RIL, which reported a net profit of Rs 1,1526 crore for the first nine months of FY10 — around Rs 1,465 crore lower than ONGC’s — is expected to surpass the state-owned oil major’s last quarter standalone profits by over Rs 1,500 crore, according to various analyst estimates. Both companies report their quarterly numbers on a standalone basis while consolidating the numbers of subsidiaries in their annual results. ONGC Group’s consolidated net profit for FY10 is likely to remain above Rs 20,000 crore as in the previous two years.

The refining as well as E&P businesses would be the key drivers of profit growth, said Deepak Pareek, an analyst with Angel Broking. “RIL is likely to report strong performance during the quarter, primarily on account of increase in gas production and better refining margins,” he mentioned. In the past, only in FY08 had RIL’s profits surpassed those of ONGC’s, on account of extraordinary income of Rs 4,733 crore on sale of Reliance Petroleum shares. Excluding the impact of this extraordinary income, profits from operations were below that of ONGC’s.

However, now, for the first time, RIL’s profits from normal business activities, that are considered sustainable in future, are set to cross Rs 16,700 crore on a standalone basis for FY10 — the largest for any listed Indian company. ONGC, which was the single-largest profit-making company so far, is expected to close FY10 with a net profit of around Rs 16,200 crore.

In the current year, RIL’s subsidiary raised over Rs 9,300 crore through sale of treasury shares, which will add to its consolidated numbers. Although extraordinary, these profits could take RIL’s consolidated profit to a historical high hitherto unseen in Corporate India.

RIL, which is also India’s largest company by market capitalisation with a 13.2% weightage in the Sensex, witnessed a strong 46% increase in volumes in the first nine months of FY10, as its second refinery gradually reached full capacity. Higher average crude oil price — at around $78 per barrel during the March 2010 quarter as against $45 in the year ago period — is also set to boost revenues.

Fuelled by both volume and value growth, the company is expected to double its revenues in the last quarter of the year, with gross refining margins recovering from $5.9 in December 2009 quarter to $8-8.5 per barrel in March 2010 quarter. The company had recorded a refining margin of $9.6 per barrel in the March 2009 quarter. While all its segments are expected to contribute to the growth drive, the key impetus will come from the E&P business.

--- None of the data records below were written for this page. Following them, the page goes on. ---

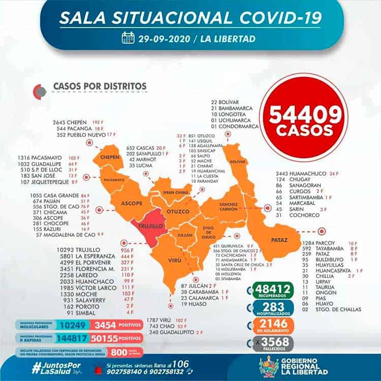 La Gerencia Regional de Salud de La Libertad, informa que al 29 de setiembre, se han procesado 155 066 (+ 775 ) pruebas entre rápidas y moleculares, resultando 54 409 (+ 438) casos positivos por Coronavirus en La Libertad, en las últimas 24 horas procesaron 775 pruebas, resultando 290 nuevos infectados por Covid-19,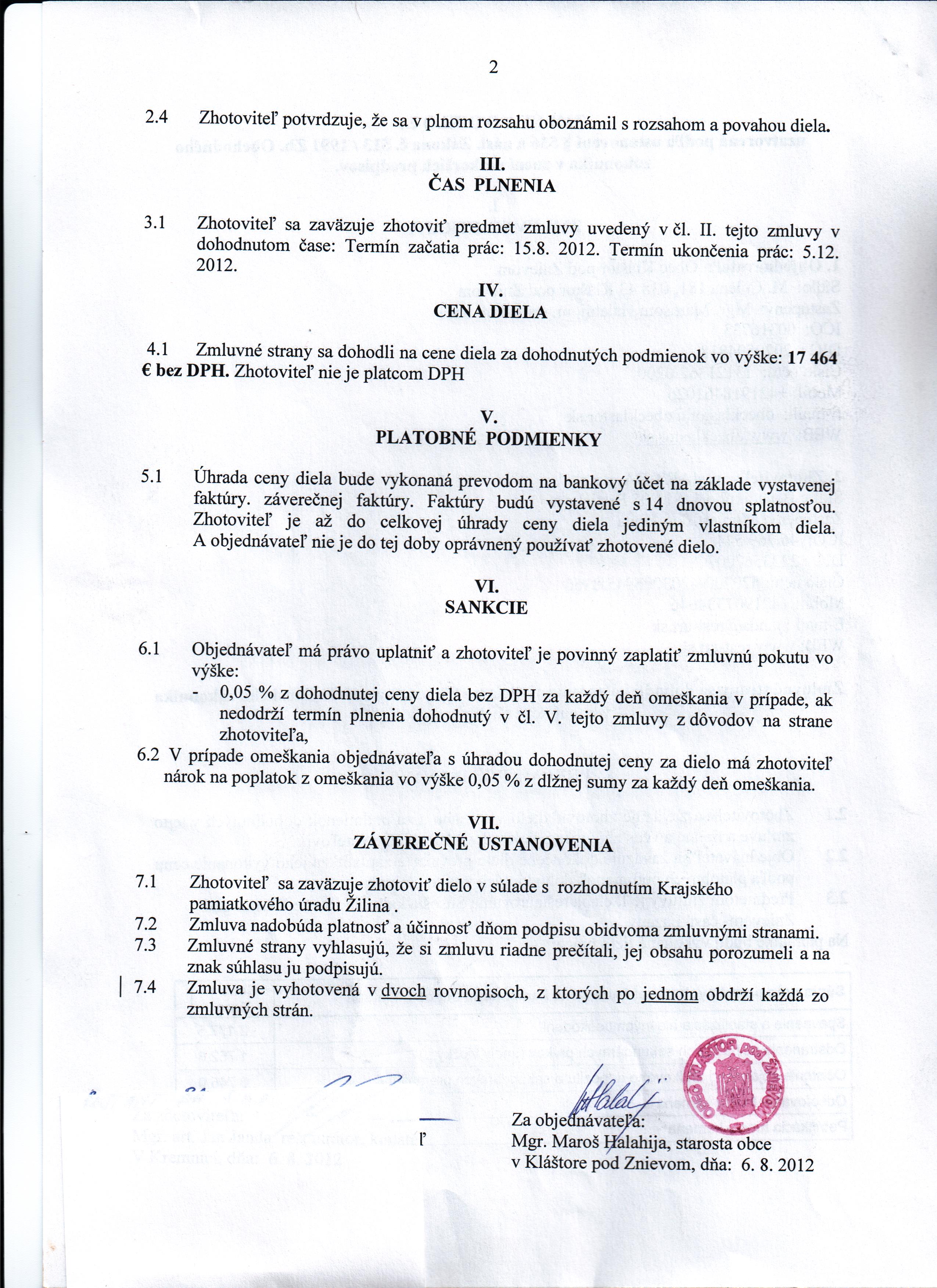 | Dátum zverejnenia zmluvy: | 6.8.2012 |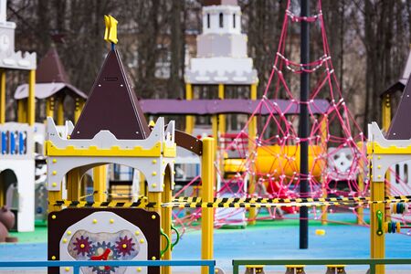 the playground is covered with a signal tape epidemic coronovirus COVID19. all small children are quarantined at home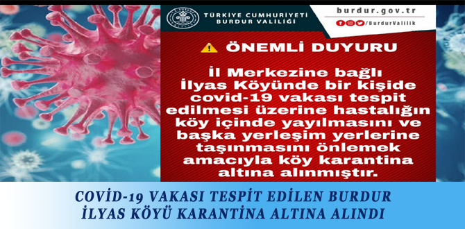 Burdur merkeze bağlı İlyas Köyünde bir kişide covid-19 vakası tespit edilmesi üzerine köy karantina altına alındı. Konuyla ilgili Burdur Valiliği tarafından yapılan açıklama şöyle; “İl Merkezine bağlı...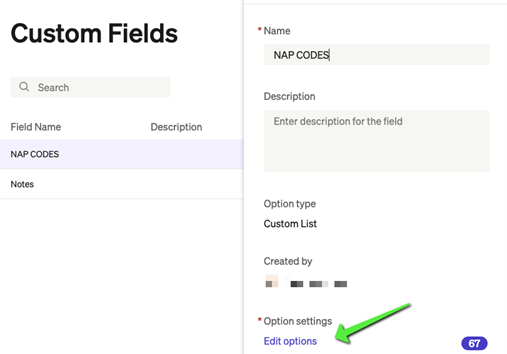 Click NAP codes to open the Edit Tab on the right and select "Edit Options" in the middle of this pop out menu.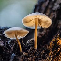 Deze bruinsnedemycena, een van de vele paddenstoelensoorten, vind je veel in het bos. Deze staat in het Lockhorsterbos in Leusden op een van de vele boomstronken.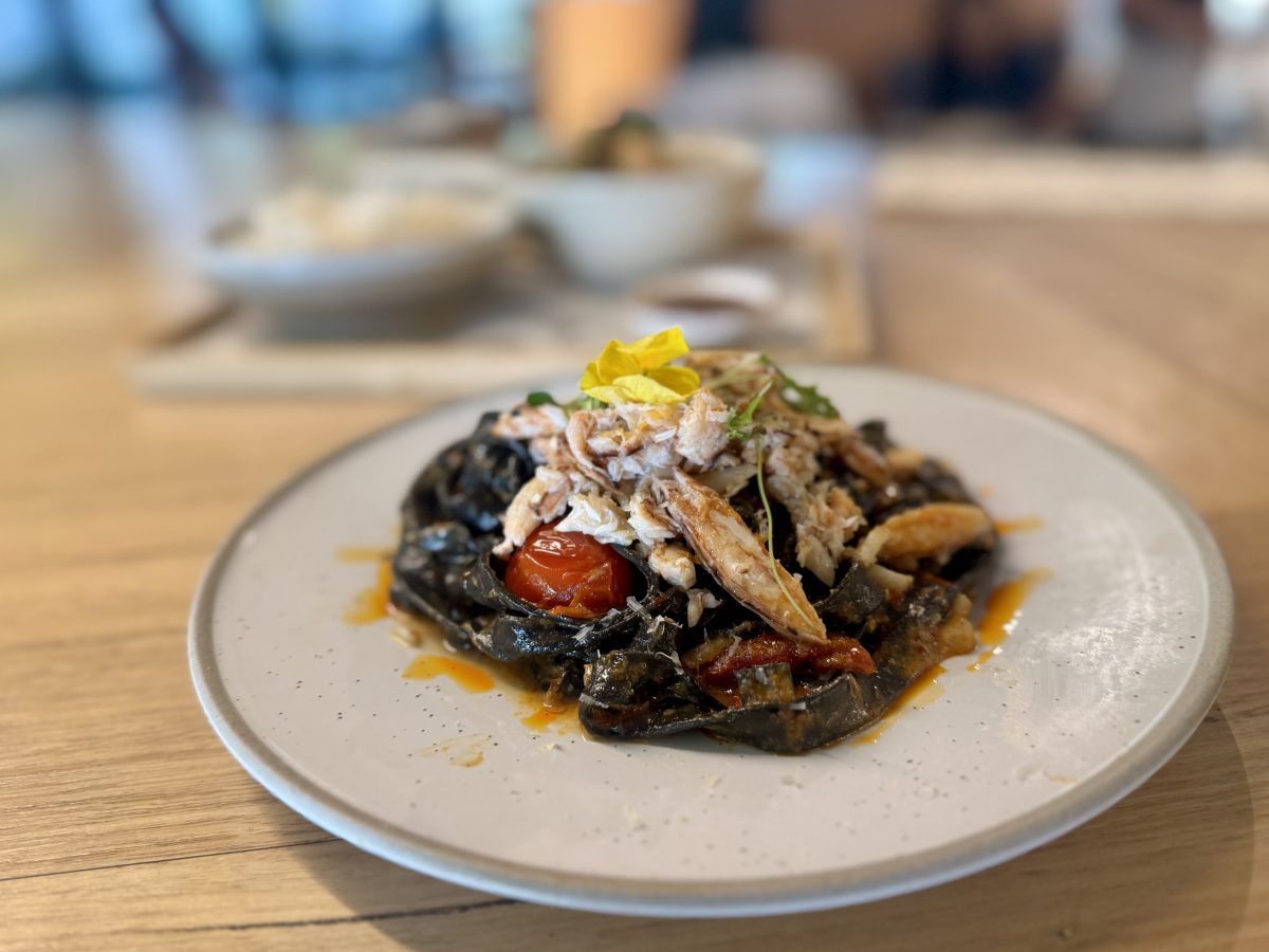 The dish that absolutely steals my taste buds is the Tom Yum Linguine. Glossy, al dente squid-ink linguine, combined with fresh crab meat, tossed in a creamy, spicy sauce inspired by Tom Yum flavours. Infused with lemongrass, galangal, and kaffir lime, and finished with grilled cherry tomatoes and shaved parmesan, it’s a seamless blend of Thai and Italian influences-a must-try!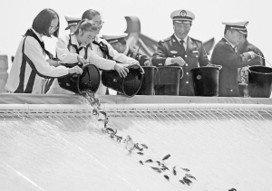 4月22日,人们在上海市松江区石湖荡镇“浦江之首”水域放流鱼苗。新华社发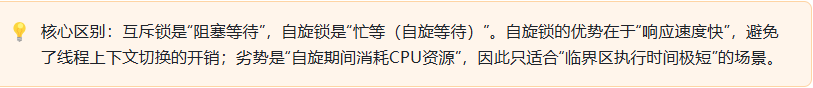 ②多核CPU环境:单核CPU下,自旋线程会独占CPU,导致持有锁的线程无法执行,引发“死锁”风险,因此自旋锁仅适用于多核场景。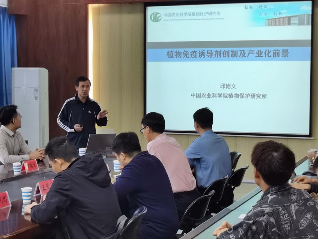 11月1日上午,资环学院特邀中国农科院植保所邱德文研究员,在E307会议室做了题为“植物免疫诱导剂创制及产业化前景”的学术报告,报告会由院长王洪亮教授主持,学院相关专业老师及研究生参加了报告会。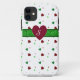 Capa de iPhone de Natal com Monograma - O design tem vários tamanhos de corações vermelhos e verdes, uma fita verde e um grande coração vermelho. Atualize a inicial do monograma no grande coração vermelho para a sua escolha. Boas Festas!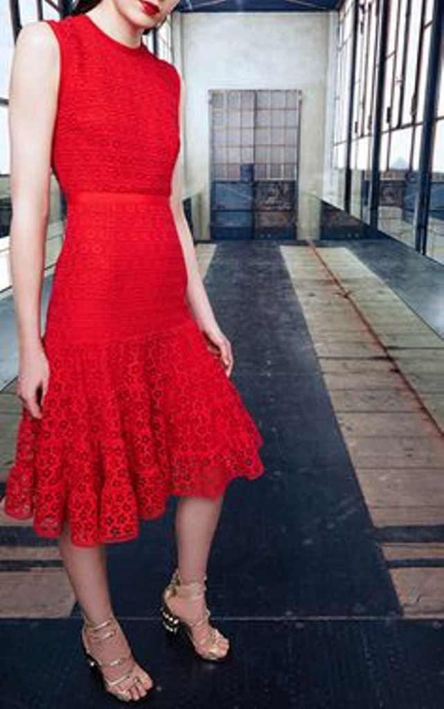 Simply beautiful! I like this dress a whole lot more than her previous lace skirt. Love the color on her. The whole look is fresh and summery.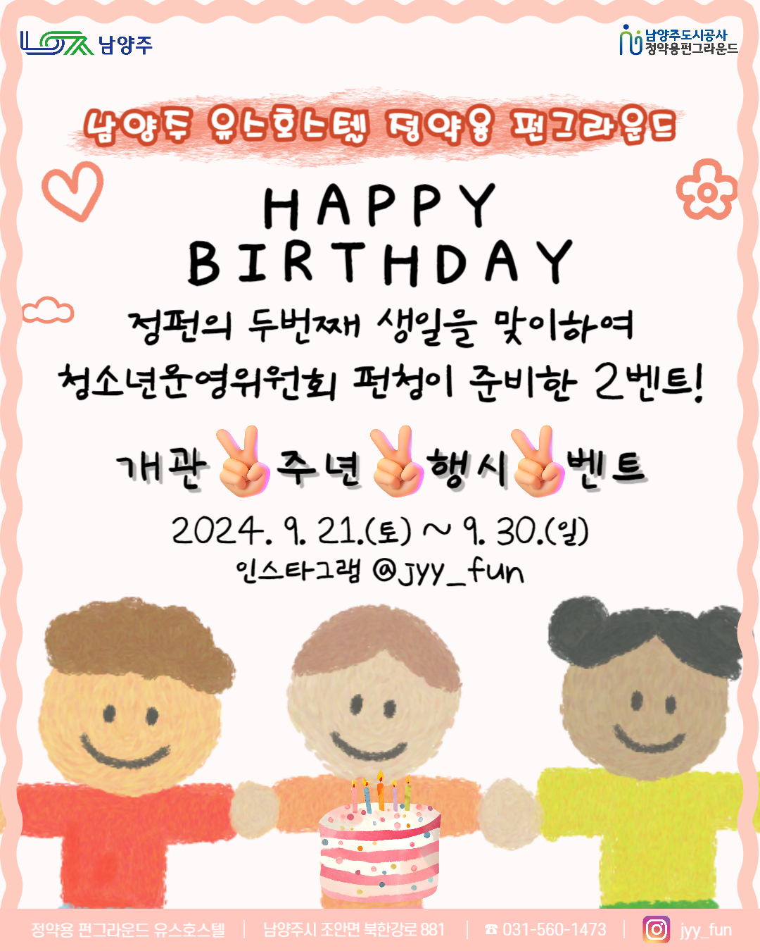 청소년운영위원회 2024년 청소년운영위원회 펀청 개관 2주년 기념 이벤트 안내 작성자 펀그라운드정약용 등록일자 2024년 10월 4일 10시 34분 15초 조회 135 003 (4).jpg [ Size : 845.18KB, Down : 67 ] 미리보기 다운로드 목록보기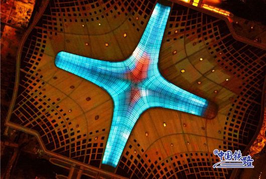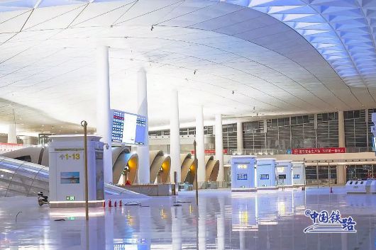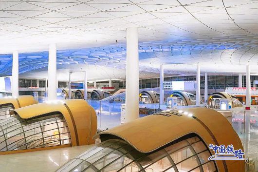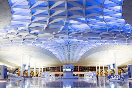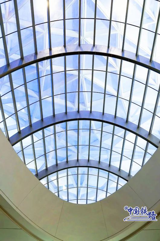 从空中鸟瞰,这座气势恢宏的特大型铁路客站就像一片云朵。巨大的空间以白色为主基调,蓝色天窗宛如一颗“海洋之星”,镶嵌在站房屋顶。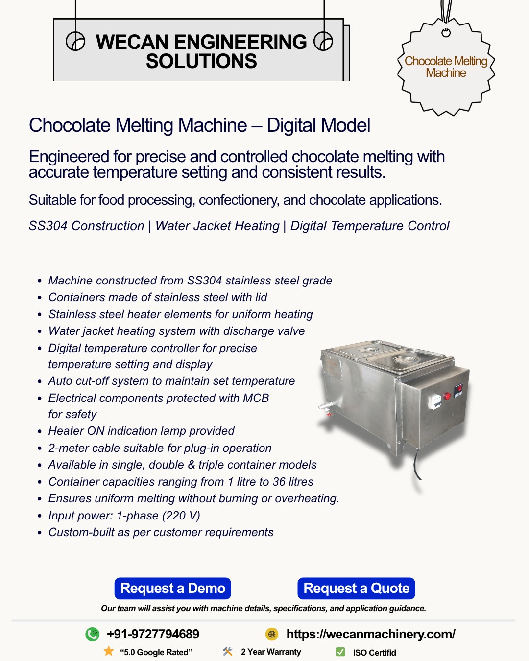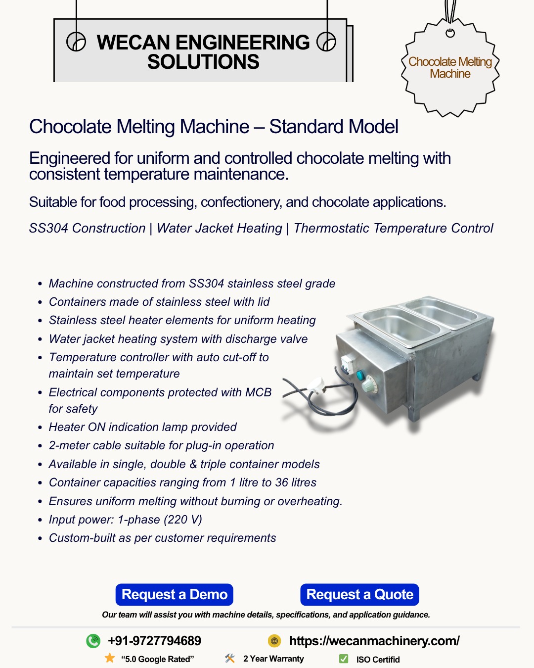 CHOCOLATE MELTING MACHINE FOR FOOD & CONFECTIONERY INDUSTRY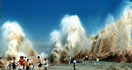 地利:跟钱塘江口状似喇叭形有关。钱塘江南岸赭山以东近50万亩围垦大地像半岛似地挡住江口,使钱塘江赭山至外十二公里段酷似肚大口小的瓶子,潮水易进难退,杭州湾外口宽达100公里,到外十二工段仅宽几公里,江口东段河床又突然上升,滩高水浅,当大量潮水从钱塘江口涌进来时,由于江面迅速缩小,使潮水来不及均匀上升,就只好后浪推前浪,层层相叠。其次还跟钱塘江水下多沉沙有关,这些沉沙对潮流起阻挡和摩擦作用,使潮水前坡变陡,速度减缓,从而形成后浪赶前浪,一浪叠一浪涌。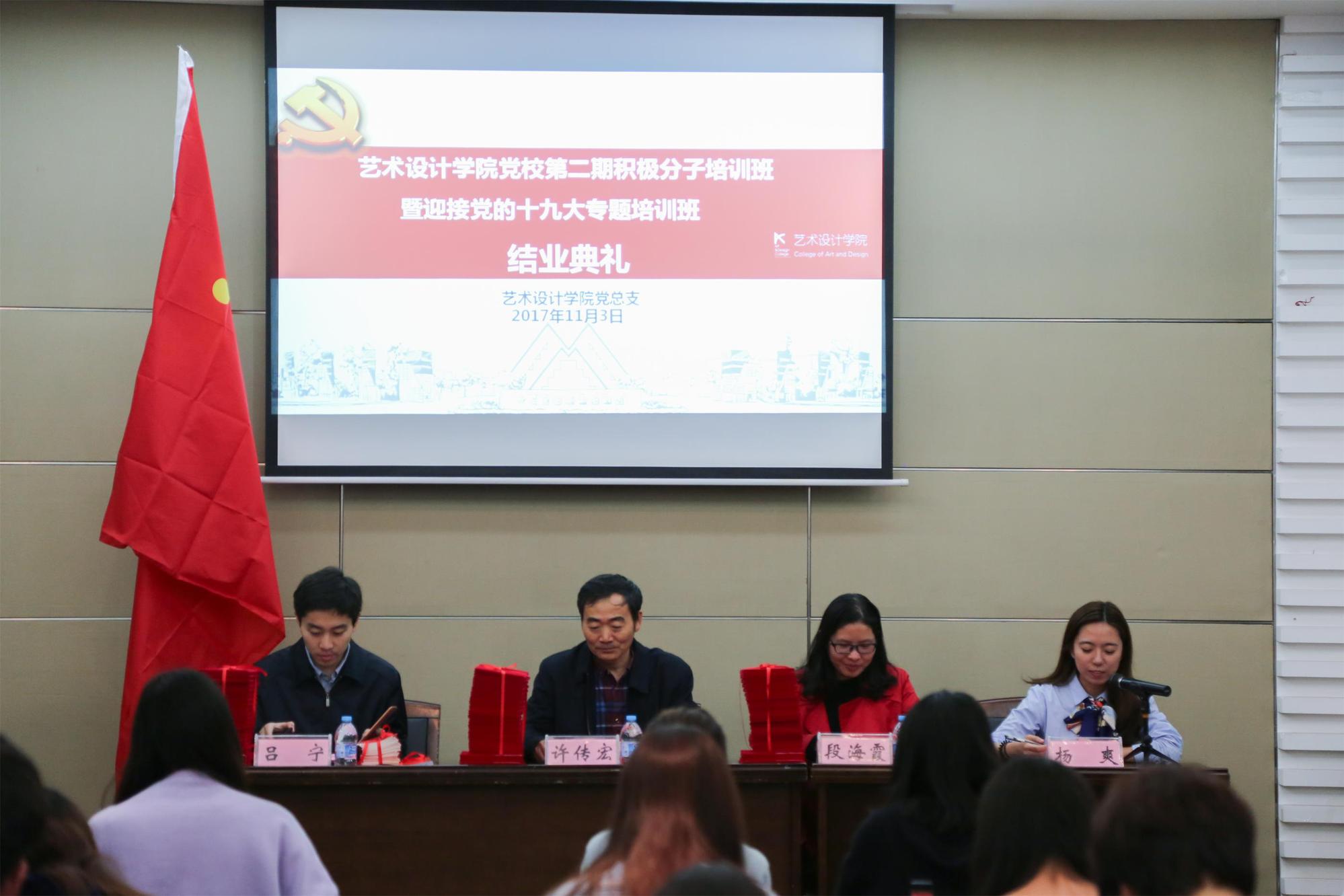 11月3日下午,艺术设计学院党总支在图文信息中心第四报告厅举行了党校第二期积极分子培训班暨迎接党的十九大专题培训班结业典礼。学院党总支书记许传宏、校党委组织部副部长兼党校副校长段海霞、党总支副书记吕宁、组织员杨爽及全体顺利结业学员出席会议。本次结业典礼由组织员杨爽主持。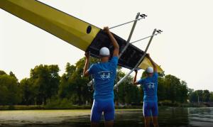 Zum Höhepunkt des diesjährigen Anruderns gehörte die vereinsinterne Auktion. Alte Riemen, wasserdichte Boxen und andere Ruderutensilien, die nicht mehr im Einsatz sind, kamen unter den Hammer. Versteigert wurde auch die Bootsspitze des Einers „Guppy“, mit dem Jugendwart Clemens Jeschke sein erstes Rennen fuhr. Dank eines kräftigen Gebots ist die Bootsspitze nun Familieneigentum. Die Versteigerung brachte dem Verein insgesamt 1.200 Euro, mit denen vier Paar neue Kinderskulls angeschafft werden können, weil die Kinder-Trainingsgruppe erfreulicherweise so groß ist, dass die bisherige Anzahl an Kinderskulls nicht ausreicht.

“With gas volumes averaging above 60 MMSCMD during the March 2010 quarter, the E&P business would show the biggest profit growth against the year ago period,” mentioned Sandeep Randery, senior research analyst with BRICS Securities.

Independent advisor SP Tulsian concurs. He says that the firm is expected to report a 257% jump in its profits from the E&P segment for the March 2010 quarter on a Y-o-Y basis at Rs 1,690 crore, while the petrochemicals and refining businesses may post a modest growth of 24% and 12%, respectively.